During the opening ceremony of the 1996 Atlanta Olympics, an old man strode into the stadium. Far from frail despite his advanced age, he had a youthful spring in his step. Bill Clinton, watching the ceremony from his presidential box, was impressed. In front of a global audience, he gave the old man thumbs up.
The old man was 98-year-old Leon Štukelj, a legendary Slovenian gymnast. He was introduced to the world in Atlanta as the world’s oldest living Olympic gold medalist. He had won his first two gold medals 72 years earlier, at the 1924 Paris Olympics. Those were Yugoslavia’s first Olympic medals, and a national holiday was proclaimed upon his return. Four years later, he took home three medals from the Amsterdam Olympics -- two of them were gold. He even competed at the 1936 Berlin games, Hitler’s infamous Olympics, where he capped his long career with a silver medal. During his long sporting career, he won a total of 20 medals at major international competitions.
A judge by profession, the soft-spoken Štukelj was unpopular with the postwar Communist authorities. Since he supported an anti-Communist resistance movement during World War II, he was even briefly imprisoned after the conflict. In the following decades, he was simply ignored.
After independence, however, Štukelj quickly became a proud symbol of Slovenian sporting achievement.
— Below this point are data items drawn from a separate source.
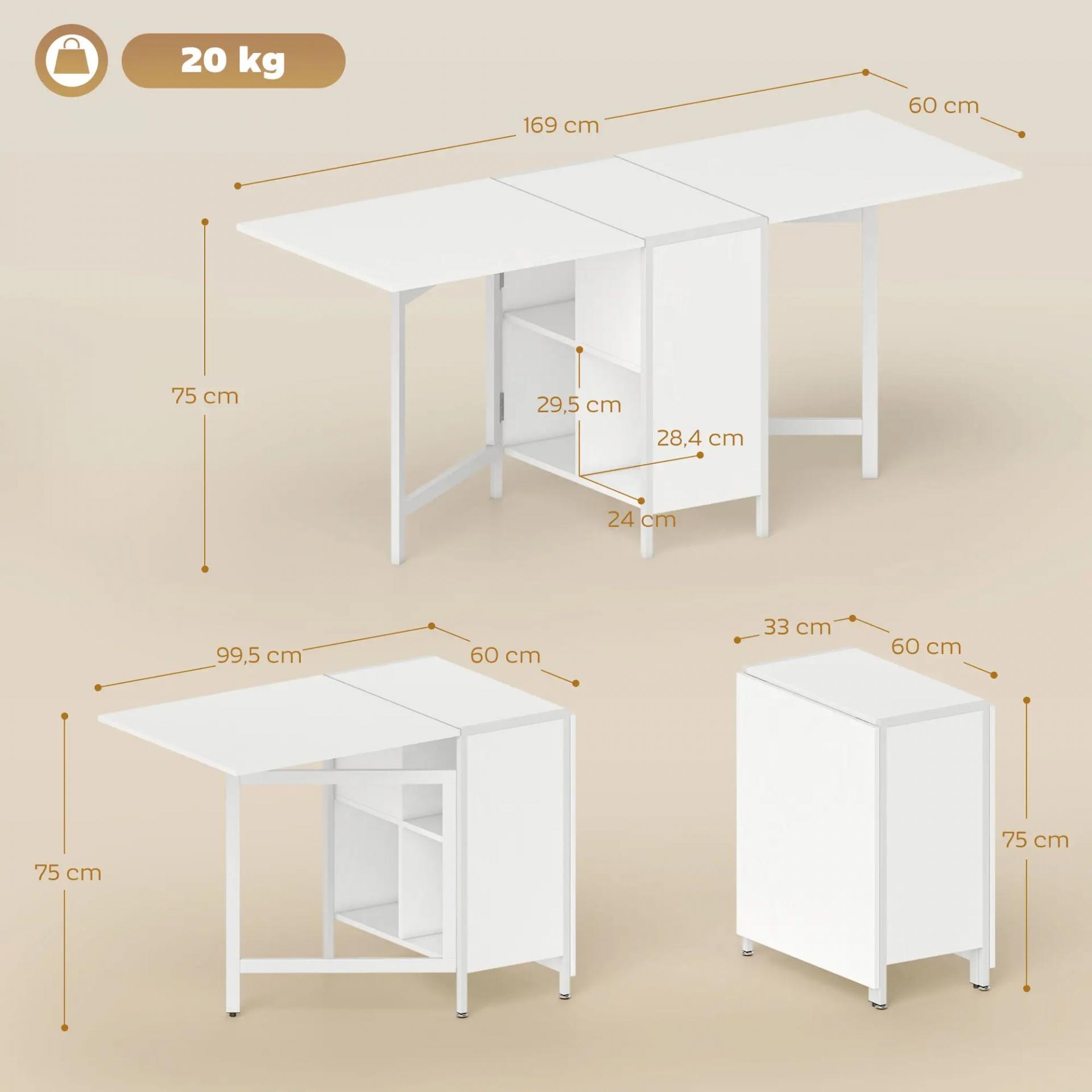 Mesa Plegable de Comedor con Alas Abatibles 4 Compartimentos 3 Formas para Cocina Salón 169x60x75 cm Blanco
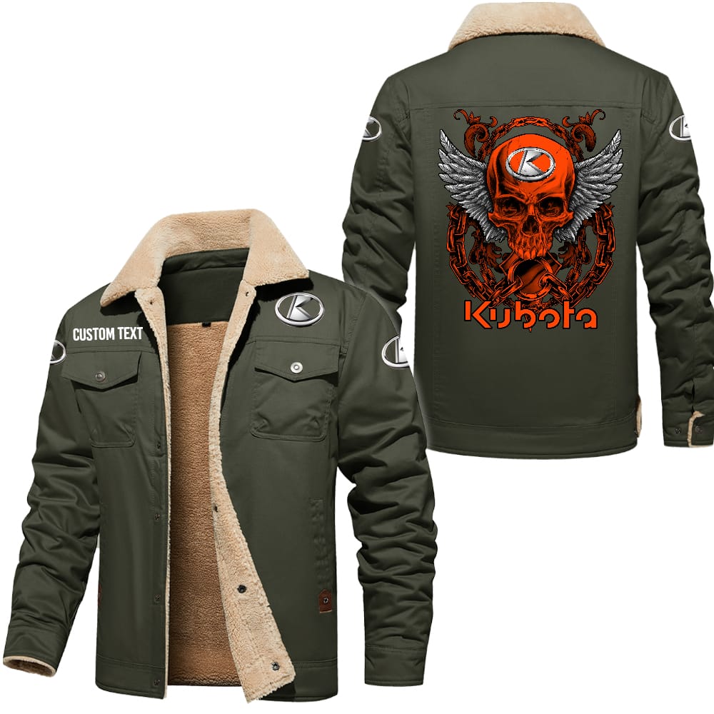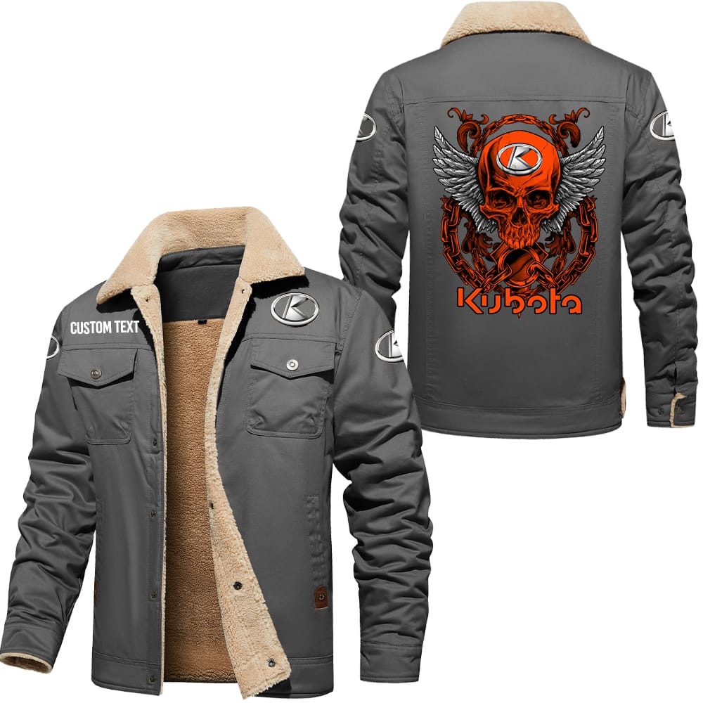 Kubota Custom Name Skull Design Cargo Fleece Lined Cotton Jacket
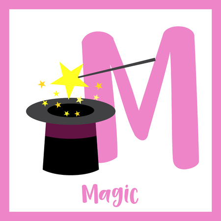 かわいい子供たち Abc アルファベット M 文字トレース フラッシュ カード マジック ハットと子供の幸せなハロウィーンの日のテーマで英語の語彙の学習のための杖 のイラスト素材 ベクタ Image 8741
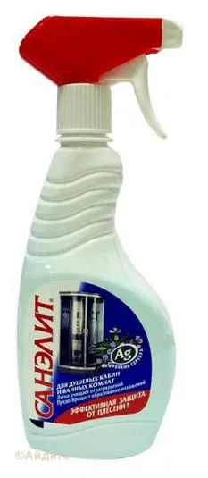 - Средство Санэлит с защитой от плесени для душевых кабин
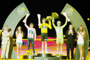新华社巴黎7月21日电(记者尚栩)2013年环法自行车赛21日展开第二十一赛段,也是最后一个赛段的争夺。英国天空车队头号车手弗洛姆荣膺今年个人总成绩冠军。来自荷兰禧玛诺车队(Argos-Shimano)的德国车手基特尔(Marcel Kittel)称雄这一荣誉赛段。
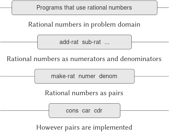 Ý tưởng cơ bản của data abstraction là cấu trúc các chương trình sẽ sử dụng các đối tượng dữ liệu phức hợp sao cho chúng hoạt động trên “abstract data” (dữ liệu trừu tượng). Nghĩa là, chương trình của chúng ta nên sử dụng dữ liệu theo cách không đưa ra các giả định về dữ liệu ngoài những gì thực sự cần thiết để thực hiện nhiệm vụ. Đồng thời, một “concrete” data representation (biểu diễn dữ liệu cụ thể) được định nghĩa độc lập với các chương trình sử dụng dữ liệu đó. Giao diện giữa hai phần này của hệ thống sẽ là một tập hợp các procedure, gọi là selectors (bộ chọn) và constructors (bộ tạo), dùng để hiện thực dữ liệu trừu tượng dựa trên biểu diễn cụ thể. Để minh họa kỹ thuật này, chúng ta sẽ xem xét cách thiết kế một tập hợp các procedure để thao tác với rational numbers (số hữu tỉ).
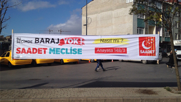Küçük partilere oy vereceğiz ama yüzde 10 barajını aşamazslarsa oyumuz boşa gidecek’ diye düşünen seçmenlerin kafasını karıştırmak için Saadet Partisi akıl almaz bir algı operasyonuna başladı. Saadet Partisi, ‘Bu seçimde baraj yok’ yazılı pankartları ülkenin değişik yerlerine asarak seçmenin kafasını karıştırma yoluna gitti.
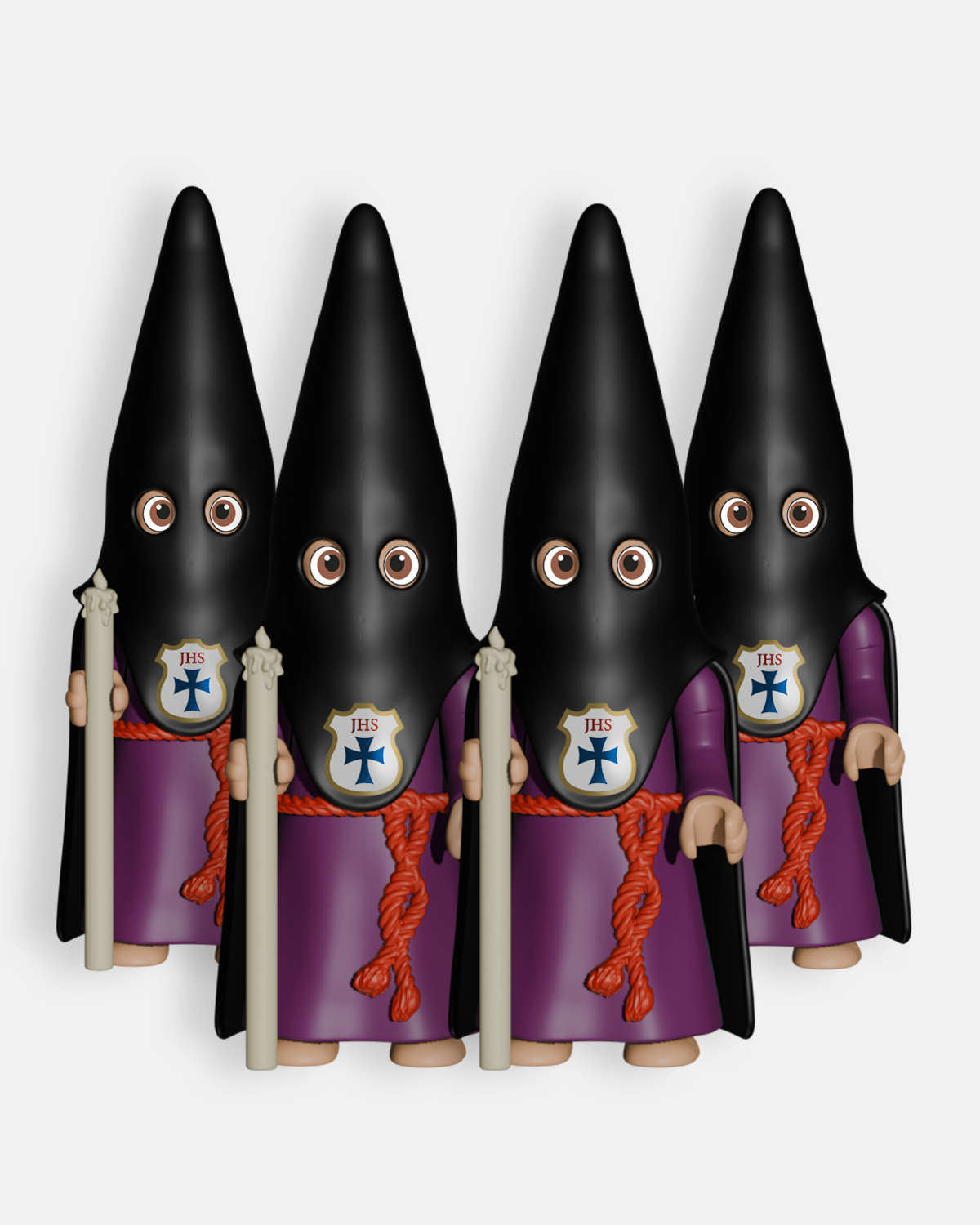 El Pack 4 Nazarenos Negro con Cirio P3002 de Artabán Juguetes incluye cuatro figuras de nazarenos con túnica morada, capa negra, antifaz negro y cíngulo rojo, portando cirios, utilizados en las procesiones de Semana Santa para iluminar y acompañar los pasos. Fabricadas con materiales resistentes y diseño detallado, estas figuras reproducen fielmente la postura, expresión y vestimenta de los nazarenos, aportando autenticidad y realismo a cualquier colección. Ideal para aficionados y coleccionistas, permite complementar tramos procesionales o recrear escenas de la Semana Santa.
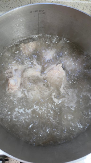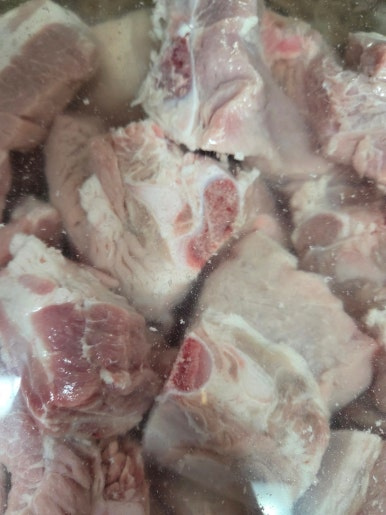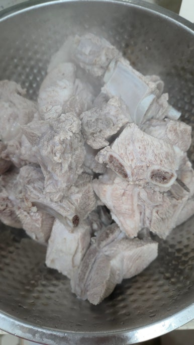 냄비에 물이 끓기 시작하면 돼지갈비를 넣어 주세요. 5분 정도 더 끓이고 찬물에 돼지갈비를 씻어 주세요.
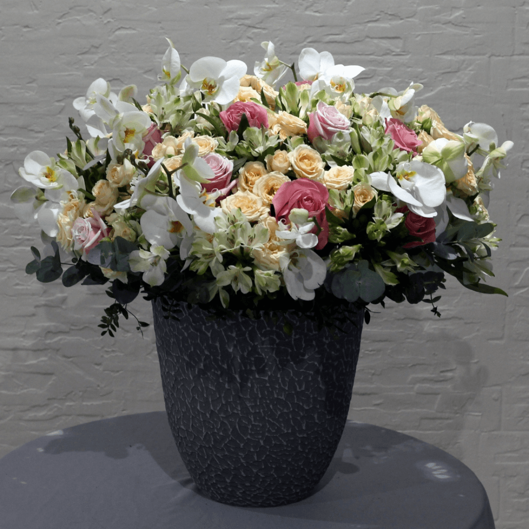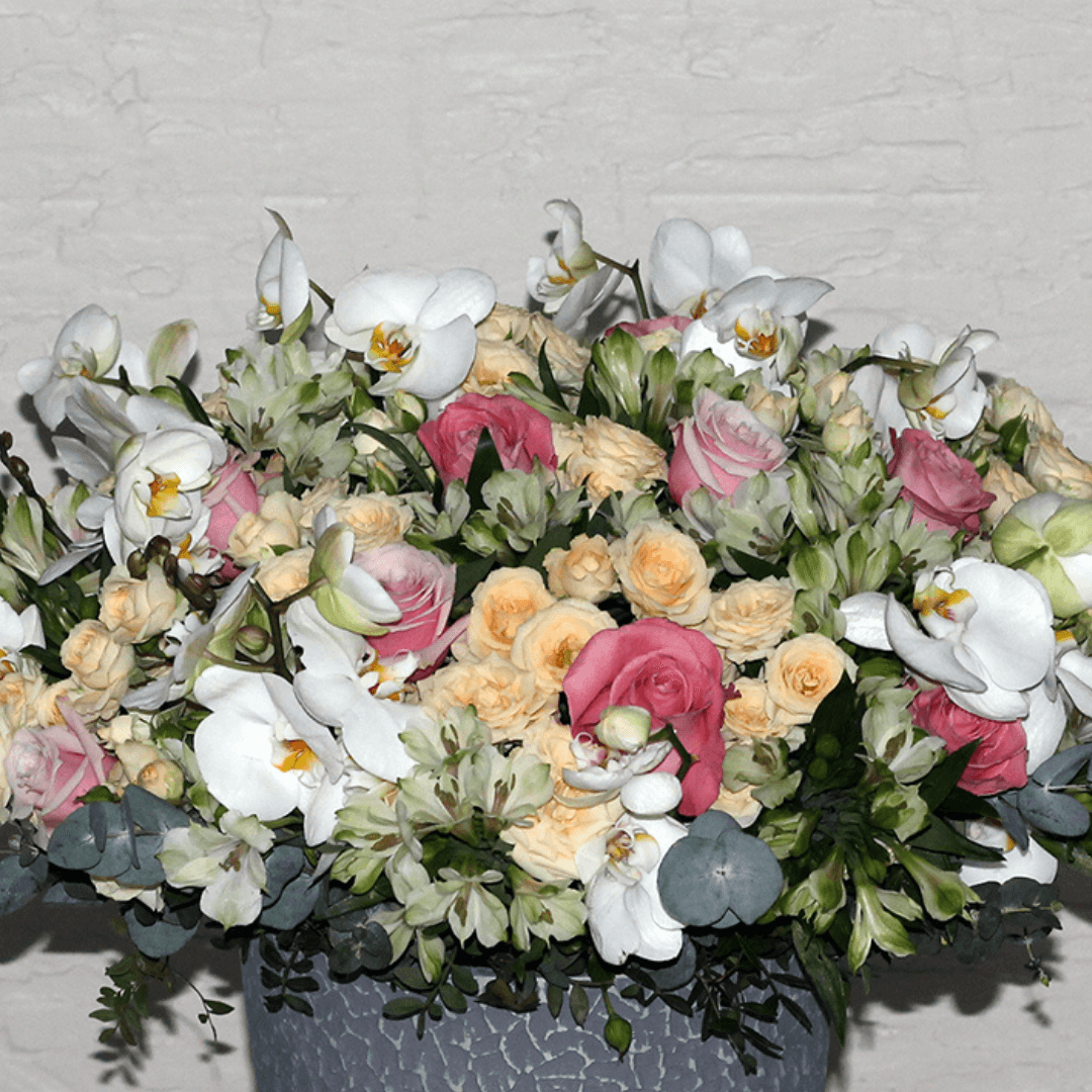 Beautiful orchid rose, baby Rose, alstromaria, green in a elegant vase

Two arenas were named after him – one in his native Novo Mesto, the other in Maribor, where he had lived most of his life. Maribor also has a square bearing the gymnasts’ name. Several stamps and the five tolar coin bore Štukelj’s image, and his birthday was celebrated around the country.
Štukelj died in late 1999, just days before his 101st birthday. He remains a Slovenian legend, however.